### Provided material
__________________________________________________

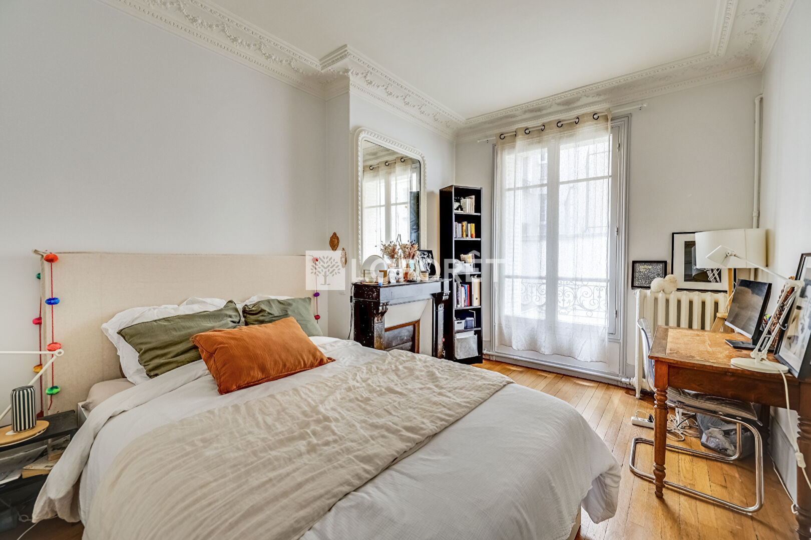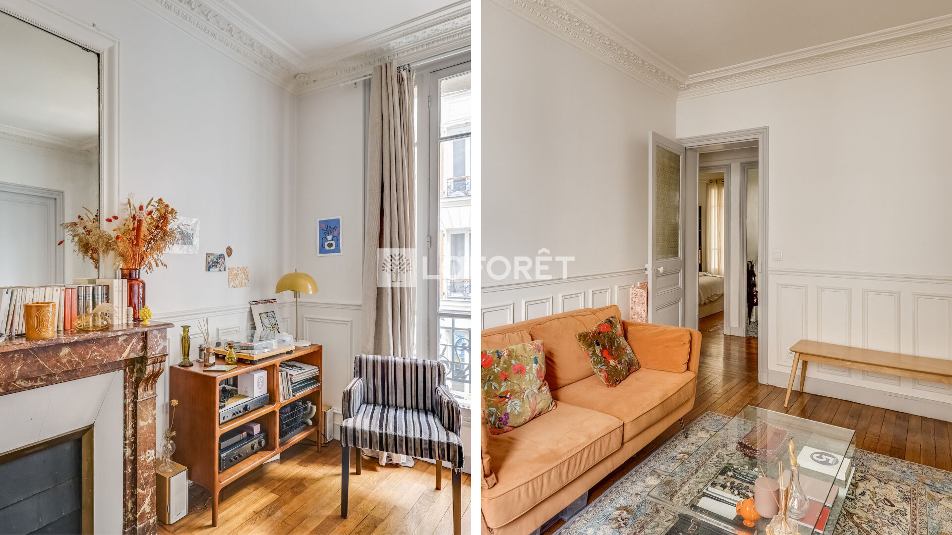 Dès l'entrée, le charme opère : parquet d'antan, moulures élégantes, boiseries, cheminée, chaque détail rappelle le cachet de l'ancien et donne à l'appartement une âme rare.
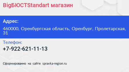 BigБЮСТStandart, магазин по адресу 460000, Оренбургская область, Оренбург, Пролетарская, 31 в дальнейшем Организация, размещена в следующих категориях:
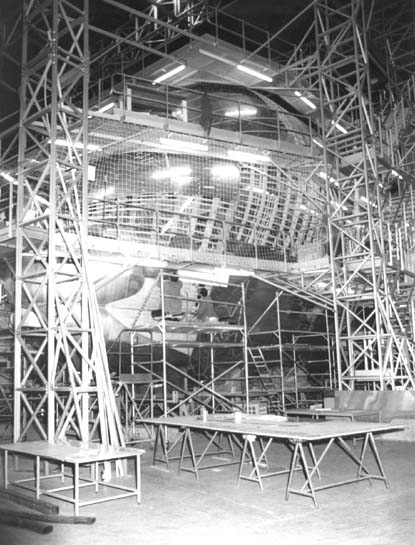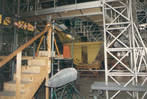scaffolding will later be rearranged for final fitting of the nose section to the rear portion

__________________________________________________

### Task directions
Write each line exactly as it appears, from the line that holds "BigБЮСТStandart, магазин по" through the closing line of the data above, and leave every picture out.

### Result
 BigБЮСТStandart, магазин по адресу 460000, Оренбургская область, Оренбург, Пролетарская, 31 в дальнейшем Организация, размещена в следующих категориях:
scaffolding will later be rearranged for final fitting of the nose section to the rear portion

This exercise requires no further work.